──────── PROVIDED MATERIAL
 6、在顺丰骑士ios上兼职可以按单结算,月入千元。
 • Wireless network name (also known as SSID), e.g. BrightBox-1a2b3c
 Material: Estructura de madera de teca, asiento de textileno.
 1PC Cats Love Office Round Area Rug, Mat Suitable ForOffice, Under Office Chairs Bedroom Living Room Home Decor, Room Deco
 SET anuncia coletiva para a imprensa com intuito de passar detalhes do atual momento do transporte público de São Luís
────────────────
──────── PROVIDED MATERIAL
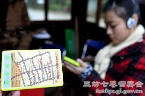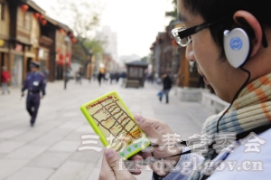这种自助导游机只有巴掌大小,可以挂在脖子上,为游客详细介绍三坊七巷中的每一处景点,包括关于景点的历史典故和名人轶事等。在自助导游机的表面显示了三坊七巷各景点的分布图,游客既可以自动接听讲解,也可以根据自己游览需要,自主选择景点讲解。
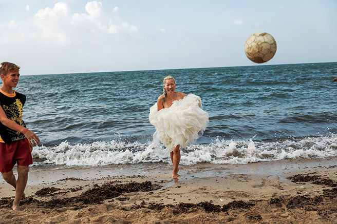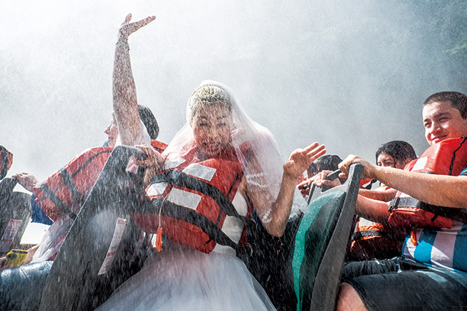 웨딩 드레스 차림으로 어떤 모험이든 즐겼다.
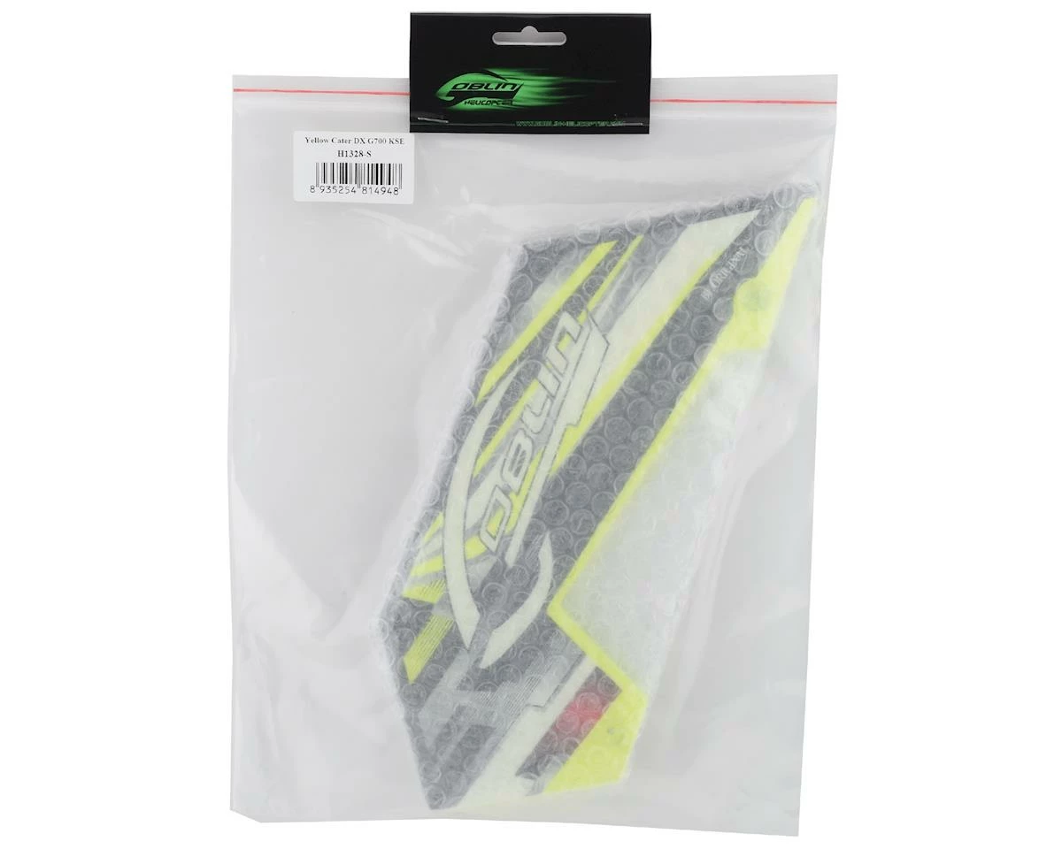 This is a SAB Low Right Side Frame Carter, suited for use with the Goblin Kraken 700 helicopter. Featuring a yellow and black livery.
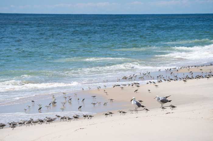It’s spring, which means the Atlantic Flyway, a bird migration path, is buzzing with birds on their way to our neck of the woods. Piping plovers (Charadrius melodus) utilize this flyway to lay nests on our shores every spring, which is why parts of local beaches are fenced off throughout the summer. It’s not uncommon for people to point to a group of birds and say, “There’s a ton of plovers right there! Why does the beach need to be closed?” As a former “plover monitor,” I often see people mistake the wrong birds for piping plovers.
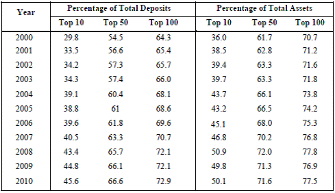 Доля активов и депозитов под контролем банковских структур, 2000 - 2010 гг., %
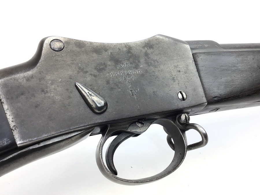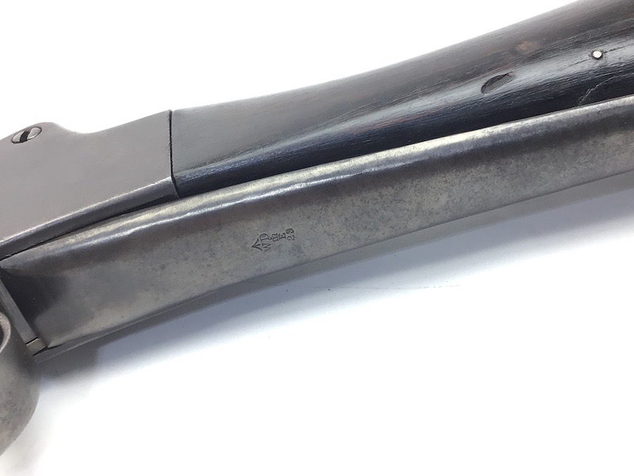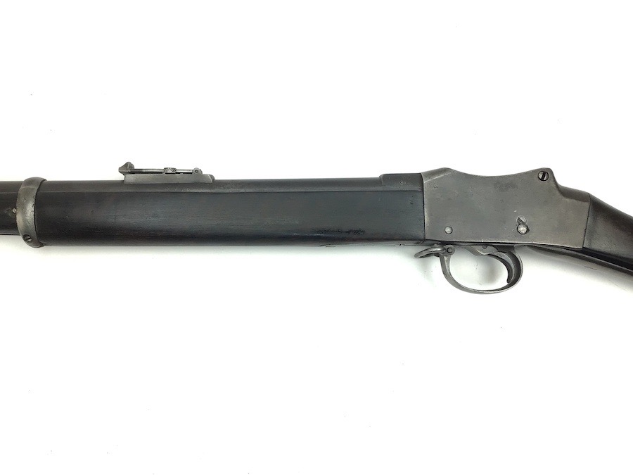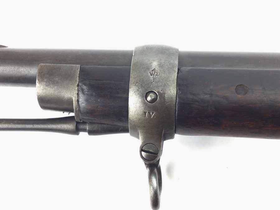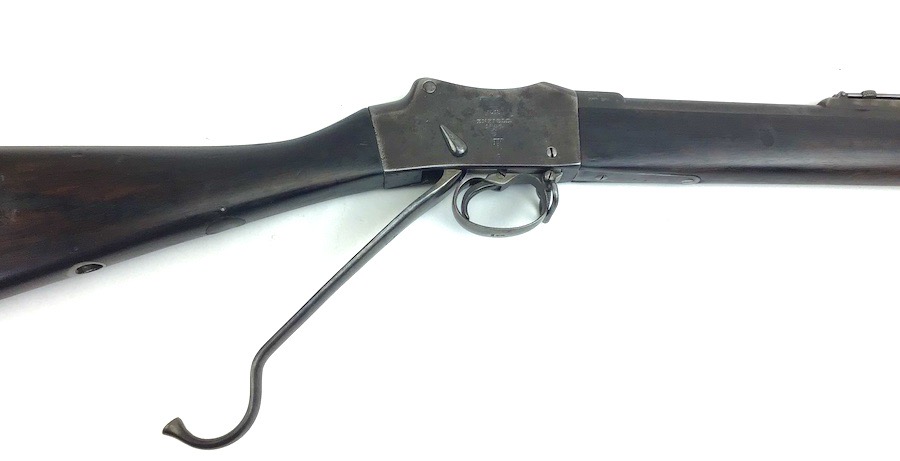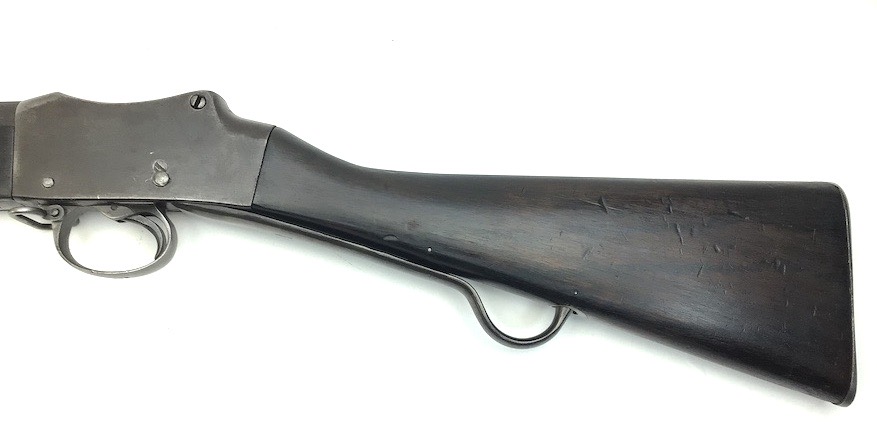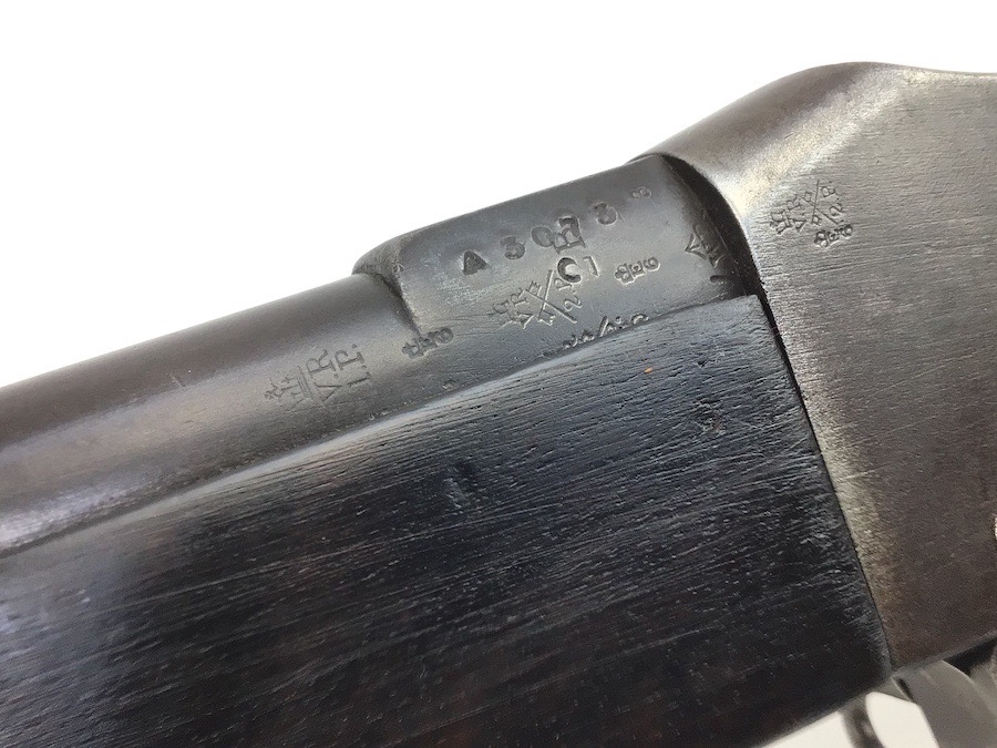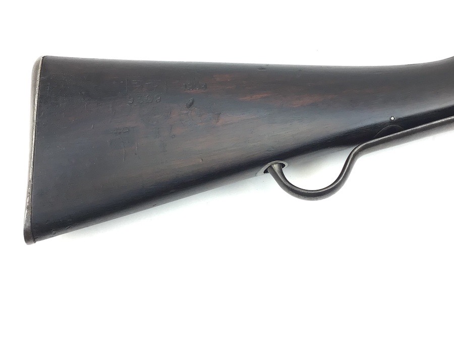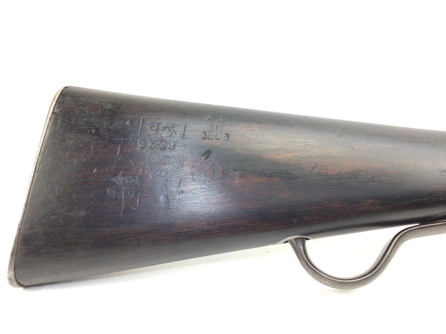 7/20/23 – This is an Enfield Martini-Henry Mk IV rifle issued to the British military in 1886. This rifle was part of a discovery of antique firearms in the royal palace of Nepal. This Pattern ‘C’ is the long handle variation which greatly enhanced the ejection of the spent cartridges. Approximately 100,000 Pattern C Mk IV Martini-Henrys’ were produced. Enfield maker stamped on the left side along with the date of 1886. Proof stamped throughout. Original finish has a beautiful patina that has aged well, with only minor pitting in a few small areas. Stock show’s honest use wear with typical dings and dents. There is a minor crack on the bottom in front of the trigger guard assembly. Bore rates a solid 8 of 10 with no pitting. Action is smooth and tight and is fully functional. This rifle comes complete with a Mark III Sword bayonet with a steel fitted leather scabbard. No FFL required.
────────────────
──────── PROVIDED MATERIAL
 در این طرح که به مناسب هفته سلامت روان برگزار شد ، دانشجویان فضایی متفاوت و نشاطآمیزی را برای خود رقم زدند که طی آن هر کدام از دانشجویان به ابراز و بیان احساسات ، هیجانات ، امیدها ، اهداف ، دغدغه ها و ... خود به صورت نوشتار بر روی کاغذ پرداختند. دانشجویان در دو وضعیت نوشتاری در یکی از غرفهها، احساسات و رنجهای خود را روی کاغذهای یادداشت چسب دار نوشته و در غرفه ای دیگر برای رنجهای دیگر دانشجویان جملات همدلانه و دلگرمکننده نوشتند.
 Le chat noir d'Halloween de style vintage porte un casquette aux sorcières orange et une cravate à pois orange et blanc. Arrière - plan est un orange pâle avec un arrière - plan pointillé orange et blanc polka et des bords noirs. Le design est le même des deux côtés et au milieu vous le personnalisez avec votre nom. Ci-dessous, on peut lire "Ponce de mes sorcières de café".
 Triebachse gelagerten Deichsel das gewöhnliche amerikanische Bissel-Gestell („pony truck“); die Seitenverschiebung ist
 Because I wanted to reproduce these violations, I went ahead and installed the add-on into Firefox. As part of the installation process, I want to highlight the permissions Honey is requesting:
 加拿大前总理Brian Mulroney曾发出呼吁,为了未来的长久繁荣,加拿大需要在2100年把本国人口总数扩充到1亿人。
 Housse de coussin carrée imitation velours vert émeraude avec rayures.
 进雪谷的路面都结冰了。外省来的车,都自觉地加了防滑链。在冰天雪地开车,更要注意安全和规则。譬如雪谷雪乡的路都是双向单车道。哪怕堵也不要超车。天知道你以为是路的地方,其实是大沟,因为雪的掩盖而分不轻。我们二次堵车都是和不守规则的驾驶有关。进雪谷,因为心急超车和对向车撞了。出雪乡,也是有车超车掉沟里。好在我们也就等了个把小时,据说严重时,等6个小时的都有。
────────────────
Where a picture appears in the records above, omit it, and transcribe exactly the stretch of lines from the one with "It’s spring, which" through the one with "Доля активов и".

It’s spring, which means the Atlantic Flyway, a bird migration path, is buzzing with birds on their way to our neck of the woods. Piping plovers (Charadrius melodus) utilize this flyway to lay nests on our shores every spring, which is why parts of local beaches are fenced off throughout the summer. It’s not uncommon for people to point to a group of birds and say, “There’s a ton of plovers right there! Why does the beach need to be closed?” As a former “plover monitor,” I often see people mistake the wrong birds for piping plovers.
 Доля активов и депозитов под контролем банковских структур, 2000 - 2010 гг., %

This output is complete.